Instantly, as if by reflex, I screamed in pain, waking my wife, neighbors, and from what I understand, even giving Willard Scott a jolt while he wished a Happy Birthday to a "beautiful" 112-year-old prune from New Mexico.

My wife pried her fingernails out of the ceiling and asked what was wrong.

"I tink I godda heb cole," I whined in my patented head cold voice.

"Well you shouldn't sleep with the windows open, you fool," she hissed.

Sonofabitch! No sympathy for the damned! Apparently, I would have to scrounge for the "awww ... poor babys'" elsewhere.

I got to work, which was an amazing feat all in itself due to the sheer giddiness I was feeling from the extra dose of Dayquil I had taken with my morning coffee. At one point, I could swear a fire hydrant on the side of the road told me to slow down and that a bus was careening out of control towards me. Luckily, there wasn't but I swerved like a big dog anyway.

I made it to my desk and collapsed in a crusty heap, feeling a cold sweat trying to fight its way through the skin on my forehead. Our lovely associate publisher Lynn walked into the office a few minutes later.

"Huh-wo Lim," I said with pain oozing from my voice. I didn't want to offer the information that I should have been home on my deathbed. What I did want was Lynn to ask what was wrong, and then to have her feel awful that I was so incredibly sick. "How wub yo weekend," I asked with a pained look through my puppy dog eyes.

Lynn pointed at her throat and whispered, "Can't talk . Got laryngitis."

Goddammit!! Beaten at my own game! What are the odds of gettign sick and having someone at the office outsick you? This was not shaping up to be one of my better head colds. I had to wonder if Lynn was really sick or if she was an even bigger baby than me.

"Oh yeah," I queried. "How dib dat haffen?"

It was obvious to me that Lynn had reaped great praise in the sympathy arena herself in the past. She acted as if she had just swallowed a matchbox full of razorblades and whispered, "Went to ... beach. Lost my ... voice."

Oh ... she was good alright. A regular pro. I almost felt sorry for her had I not been so deathly ill myself.

"Thab's too bad, Lim. I gob a real suhbeer heb cole mysepp," I said, my nose getting stuffier with each word.

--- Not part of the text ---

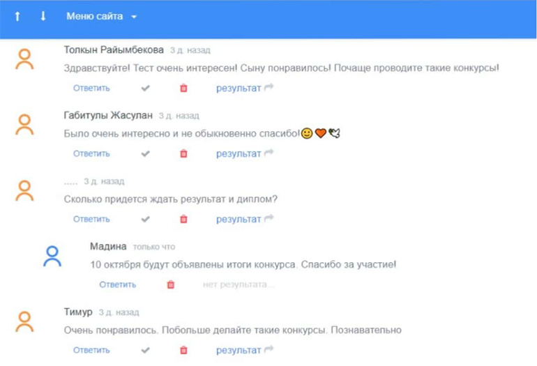 The competition was attended by 1123 participants, including students from 65 schools from 10 regions of the republic, as well as 1st year students of of Abai KazNPU, universities of Pavlodar, Kyzylorda, Atyrau and other cities of RK. I would especially like to note the continuity of generations: this is the participation of schoolchildren, teachers, who are our graduates. (Bugenov N., Fizlova Z., etc.)

"I'm sorry," she strained with what seemed to be a genuine concern, which was as good as actually conceding in the war of the sickest employee as far as I'm concerned. Satisfied, I sat back in my chair and watched the walls dance and swirl to an imaginary tune.

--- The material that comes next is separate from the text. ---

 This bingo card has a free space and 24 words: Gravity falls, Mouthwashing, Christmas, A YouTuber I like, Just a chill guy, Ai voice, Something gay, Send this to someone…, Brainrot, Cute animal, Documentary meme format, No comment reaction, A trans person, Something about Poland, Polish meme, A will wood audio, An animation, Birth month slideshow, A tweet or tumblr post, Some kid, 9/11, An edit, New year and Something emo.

After work, I stopped at my corner drug store to stock up on everything that gave me a half-hearted promise to clear my sinus passages. I spent $41.75 on everything from decongestants to Uncle Bob's Black Magic Nasal Potion and Phlegm Reducer.

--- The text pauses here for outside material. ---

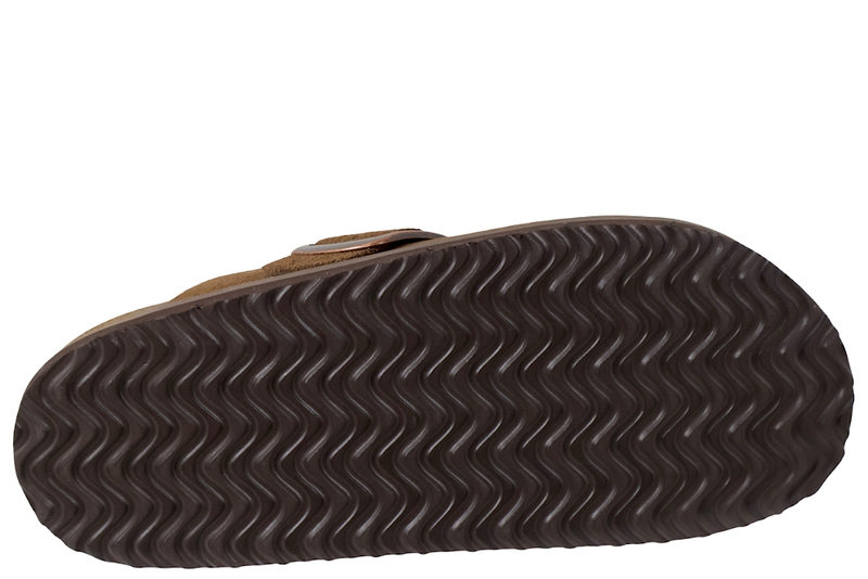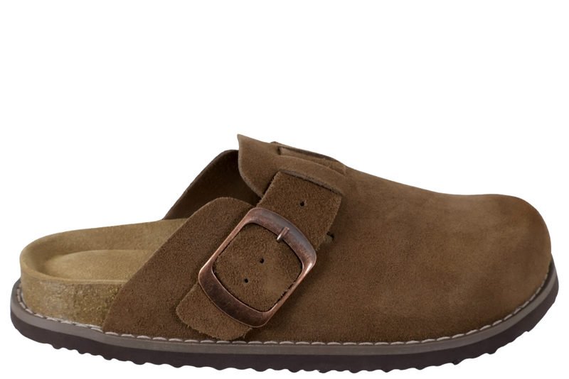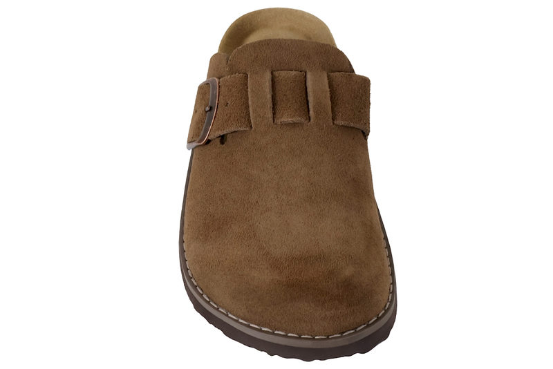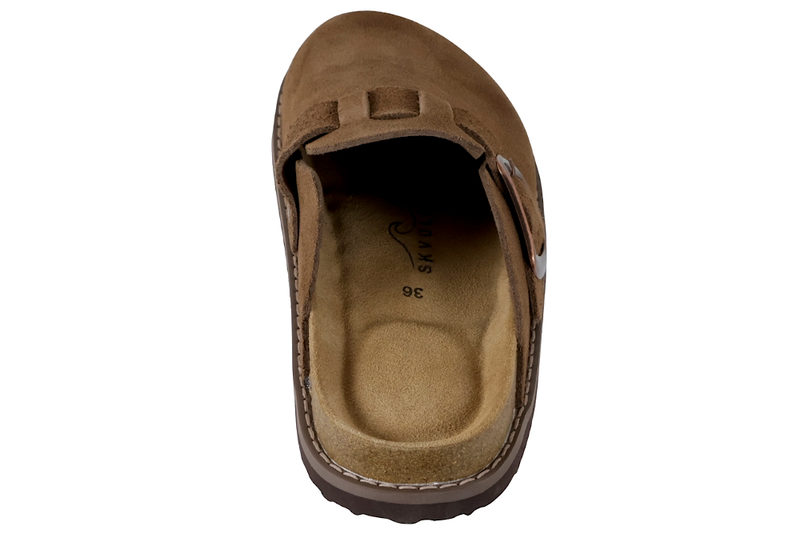Super smarts slenters med lukkede snude til damer. Den er lavet af skind i en flot mørkebrun ruskind. Henover vristen er der en rem, der kan justres med et spænde. Indvendig er den foret med brunt skind og har en blød skind dæksål. Mellemsålen er af kork. Slidsålen er en brun PVC sål.

I made my way home and began arranging my medicines in alphabetical order. I began with the Alka Seltzer Sinus Medicine. "May cause drowsiness," the side of the box warned me.

Fourteen and a half hours later I came up with a better warning: "May cause comatose-like state accompanied by hallucinations of your kindergarten teacher throwing lawn darts at you."

Never has any medicine laid my big booty to rest like this modern day miracle. I haven't been that drowsy since the night we went to Atlanta to see Gary "Radar O'Reilly" Burghoff as Daddy Warbucks in a way off Broadway version of "Annie."

Only problem was, I still couldn't breathe without my mouth remaining wide open and making this horrible wheezing sound like Captain Kangaroo pinned under a Ford Explorer with a punctured lung.

So, here I am, my Afrin 12-hour menthol nasal spray by my side, wheezing and whining my way through another day. So far I have only infected one other employee ... Matt, our production manager. It's obvious he doesn't feel good, he's sniffling and really doesn't seem to be himself.

And man ... is he being a big baby about it.